* **TASK PROMPT**: Output the data unchanged and complete, minus the images.

*** Opening of AVAILABLE DATA ***

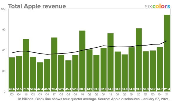 北京时间 1 月 28 日凌晨,苹果公布了 2021 财年第一季度(10 月到 12 月)财报。按照传统,这一季度包含了美国的传统假日购物节(圣诞节),是苹果每年营收最大的季度,1114.39 亿美元的总营收是苹果有史以来最高的季度收入。
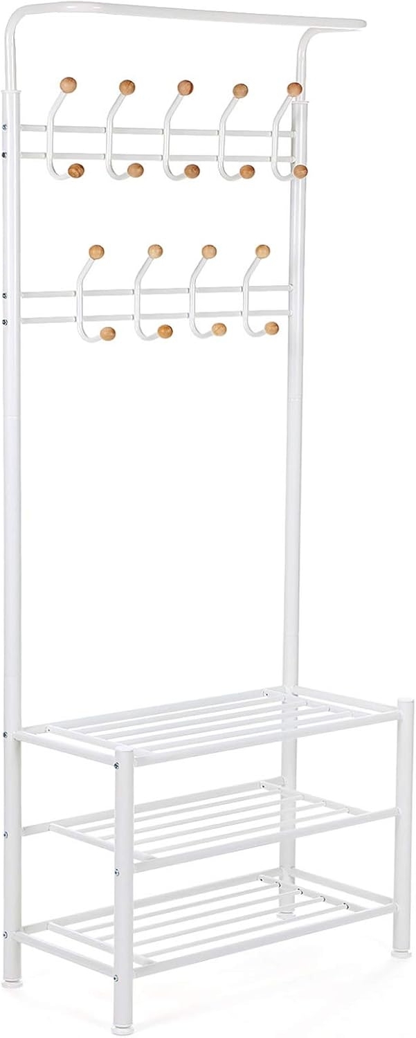 | Name | Songmics Garderobenständer Kleiderständer Rohrdurchmesser 32 mm mit 3 schuhablagen mit 18 Haken aus Metall, weiß, HSR04W |
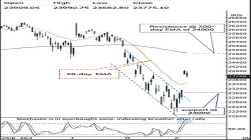 * Key highlight is over the past 4 session index has witnessed a sharp rally of 1800 points backed by de-escalation in geopolitical conflicts which has pushed daily stochastic oscillator into overbought zone. Thereby temporary breather at higher levels cannot be ruled out amid overbought conditions, that will eventually make market healthy and set the stage for the next leg of upmove towards 24800 in the coming weeks as it is confluence of 200 days EMA coincided with 61.8% retracement of Feb-April decline (26341- 22182).

*** Close of AVAILABLE DATA ***

* **OUTPUT**:
 北京时间 1 月 28 日凌晨,苹果公布了 2021 财年第一季度(10 月到 12 月)财报。按照传统,这一季度包含了美国的传统假日购物节(圣诞节),是苹果每年营收最大的季度,1114.39 亿美元的总营收是苹果有史以来最高的季度收入。
 | Name | Songmics Garderobenständer Kleiderständer Rohrdurchmesser 32 mm mit 3 schuhablagen mit 18 Haken aus Metall, weiß, HSR04W |
 * Key highlight is over the past 4 session index has witnessed a sharp rally of 1800 points backed by de-escalation in geopolitical conflicts which has pushed daily stochastic oscillator into overbought zone. Thereby temporary breather at higher levels cannot be ruled out amid overbought conditions, that will eventually make market healthy and set the stage for the next leg of upmove towards 24800 in the coming weeks as it is confluence of 200 days EMA coincided with 61.8% retracement of Feb-April decline (26341- 22182).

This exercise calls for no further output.